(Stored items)
BEGIN
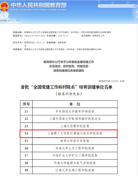首批“全国党建工作标杆院系”培育创建单位名单 学院坚持“面向人民生命健康”,积极开展大健康领域前沿科学研究,在上海市重点学科、一流学科、高原学科等的持续支持下,科技创新能力与产业服务水平全面提升,专业及平台建设也取得长足进步。近年来学院承担了100多项国家各类重要科研项目,获批经费超过1亿元;获得省部级以上科技奖励10余项,其中主持获得上海市技术发明一等奖1项、科技进步奖一等奖1项;发表SCI收录论文800余篇,授权发明专利近300项;完成高质量科研成果转化200多项,创造经济效益超百亿元。2022年新增国家级项目13项,牵头重点研发项目1项,横向千万级项目1项,技术成果转化项目千万级以上项目2项,高水平知识产权质与量持续提高。学院目前拥有三个国家级一流本科专业建设点(生物医学工程、食品科学与工程、医学影像技术)和一个上海市一流本科专业建设点(食品质量与安全);2022年食品科学与工程专业通过中国工程教育认证。 学院根据三全育人工作要求深入推进教育教学综合改革,为健康产业发展培养高素质人才。由我院教师季云峰、王刚等指导,王泰淇、胡晓屹、毛越等学生组成的科创团队研制完成的项目《吉尼斯世界记录保持者“小丘”——全球首款可产业化的乒乓球机器人》获得第八届中国国际“互联网+”大学生创新创业大赛金奖、第十三届“挑战杯”大学生创新创业大赛国赛银奖,2022Robocom机器人开发者大赛国赛一等奖等多项赛事国家级奖项。结合新时代人才培养发展要求,学院创新大学生教育载体,组建“医创未来—医疗器械中国说”和“我们的美好‘食’代—食品健康中国说”大学生讲师团,引导学生将爱国情、强国志、报国行融入新时代的追梦征程之中。
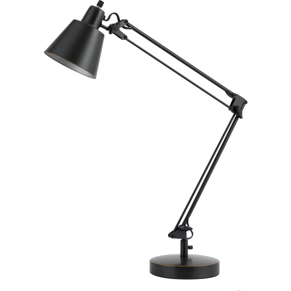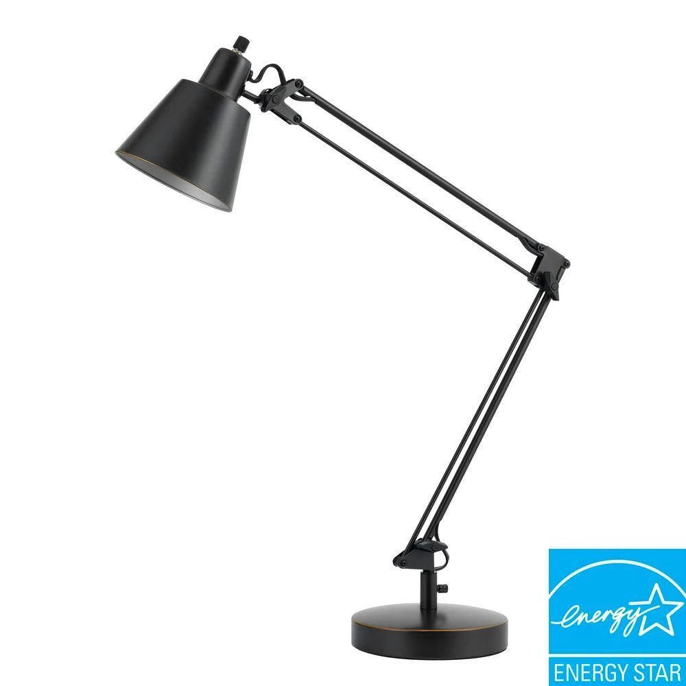 Add a touch of modern sophistication to your decor. This versatile desk lamp is the perfect addition to any table or desk area in need of light. It features a sleek adjustable arm and neck set upon a solid round base. It is finished in a dark bronze metal allowing it to fit perfectly with many decor styles.
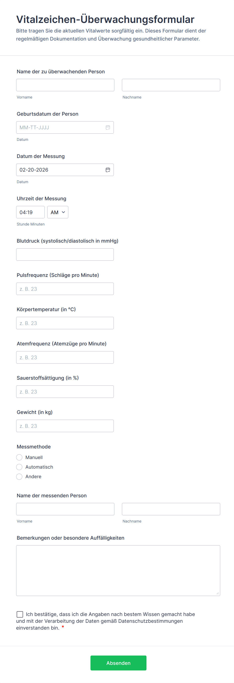 Eine Monitoring Formularvorlage ist ein vorgefertigtes digitales Formular, das zur systematischen Erfassung und Nachverfolgung von Daten über einen bestimmten Zeitraum für verschiedene Zwecke verwendet wird, wie z. B. Sicherheitsprüfungen, Geräteinspektionen oder Gesundheitsüberwachung.
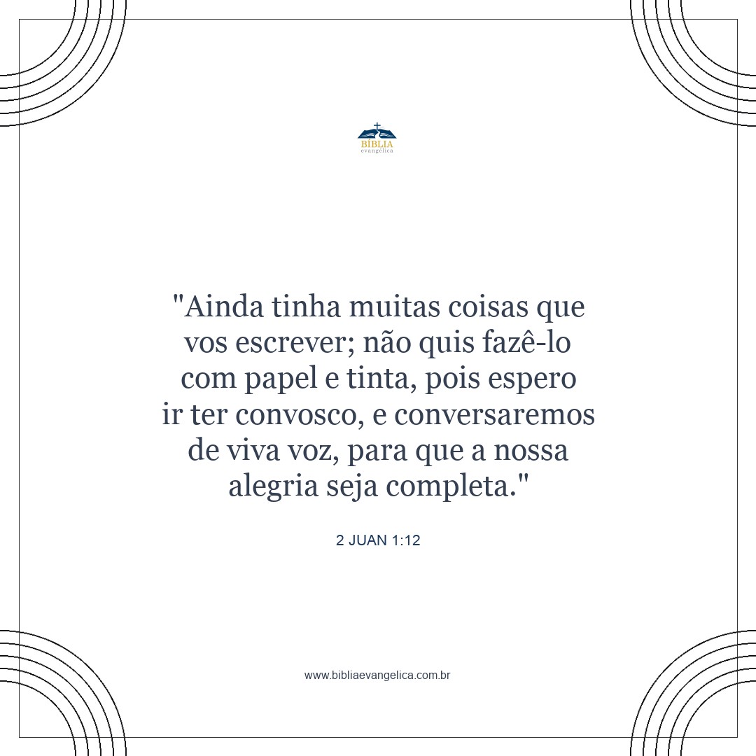 Tenho muito que lhes escrever, mas não é meu propósito fazê-lo com papel e tinta. Em vez disso, espero visitá-los e falar com vocês face a face, para que a nossa alegria seja completa.
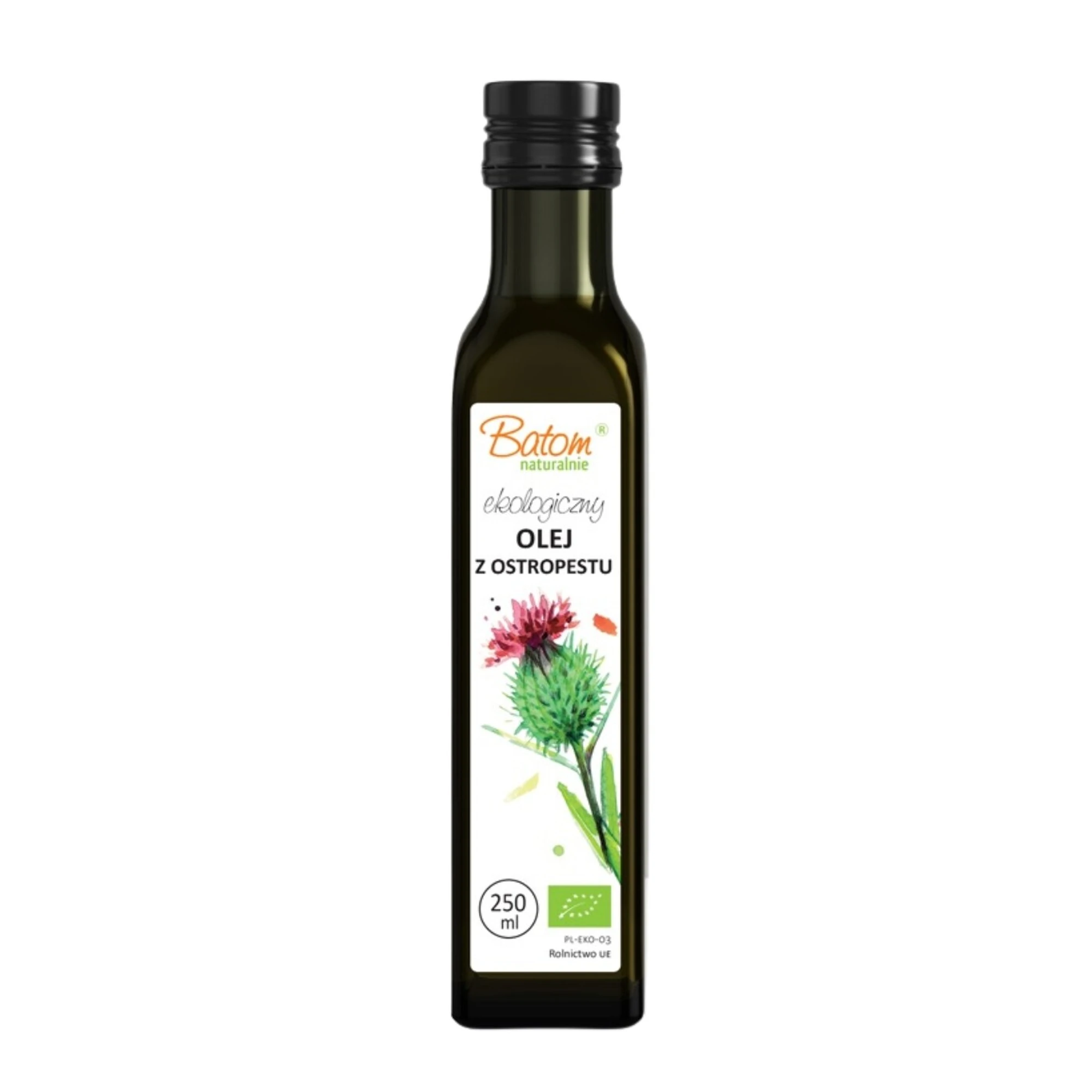 Olej z ostropestu plamistego tłoczony na zimno BIO to najwyższej jakości produkt, pozyskiwany z certyfikowanych, ekologicznych nasion ostropestu plamistego. Dzięki metodzie tłoczenia na zimno, olej zachowuje pełnię cennych fitoskładników, antyoksydantów oraz naturalnych właściwości wspierających zdrowie wątroby i układu pokarmowego. Jego delikatny, lekko orzechowy smak sprawia, że doskonale komponuje się z sałatkami, smoothie czy innymi zdrowymi potrawami. Wybierając ten produkt, stawiasz na naturalność, tradycyjne metody produkcji oraz najwyższą jakość, wolną od sztucznych dodatków.
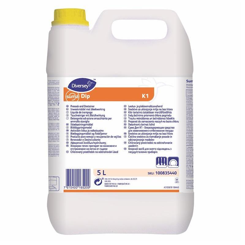 Средство для замачивания и отбеливания посуды Diversey Suma Dip K1 5 л (концентрат) Назначение: средство Suma Dip K1 является хлорсодержащим, щелочным жидким средством для отбеливания сильнозагрязненных поверхностей посуды при замачивании. В основе средства Suma Dip K1 содержится эффективное сочетание противонакипных веществ и ПАВ, препятствующих образованию налета и устраняющих со всех поверхностях посуды трудноудаляемые загрязнения. В состав средства также входит активно действующий хлор для эффективного удаления налета от чая, кофе и фруктов. Удаляет трудноудаляемые пятна с содержанием танина. Эффективно устраняет с поверхности посуды пригоревшие остатки пищи и пятна крахмала. Дозируется как вручную, так и с помощью дозирующего оборудования. Легко растворяется в воде и быстро проявляет свои отбеливающие свойства. Область применения: для применения на объектах ЖКХ, предприятиях общепита и пищевой промышленности, пищевых производствах, в торговле, ресторанах, столовых, объектах социального обеспечения, в гостиницах, офисах, образовательных учреждениях (включая школьные и дошкольные), ЛПУ, согласно рекомендациям производителя. Способ применения: 1. Наполнить раковину для замачивания посуды теплой водой (30°C-40°C). 2. Добавить средство Suma Dip K1 в пропорции 6-16 мл на 1л воды. 3. Погрузить в раствор посуду на 15-30 мин (в зависимости от уровня загрязнения). 4. Тщательно ополоснуть посуду водой. 5. Мыть посуду в посудомоечной машине при обычном режиме. Не оставлять в растворе расписные фарфоровые изделия и посуду из пластика более, чем на 30 минут во избежание возможных повреждений. Не использовать средство для замачивания меламиновой посуды. Состав: вода (мягкая), трифосфат натрия, трисиликат натрия, гидроксид калия, алкил (C12-14) диметиламиноксид, гипохлорит натрия. Срок годности: 2 года с момента производства (при соблюдении условий хранения, рекомендованных производителем).
END
## Assignment
Copy back exactly the lines above from the one containing "Add a touch" through the one containing "Eine Monitoring Formularvorlage", and leave every picture behind.

## Written answer
 Add a touch of modern sophistication to your decor. This versatile desk lamp is the perfect addition to any table or desk area in need of light. It features a sleek adjustable arm and neck set upon a solid round base. It is finished in a dark bronze metal allowing it to fit perfectly with many decor styles.
 Eine Monitoring Formularvorlage ist ein vorgefertigtes digitales Formular, das zur systematischen Erfassung und Nachverfolgung von Daten über einen bestimmten Zeitraum für verschiedene Zwecke verwendet wird, wie z. B. Sicherheitsprüfungen, Geräteinspektionen oder Gesundheitsüberwachung.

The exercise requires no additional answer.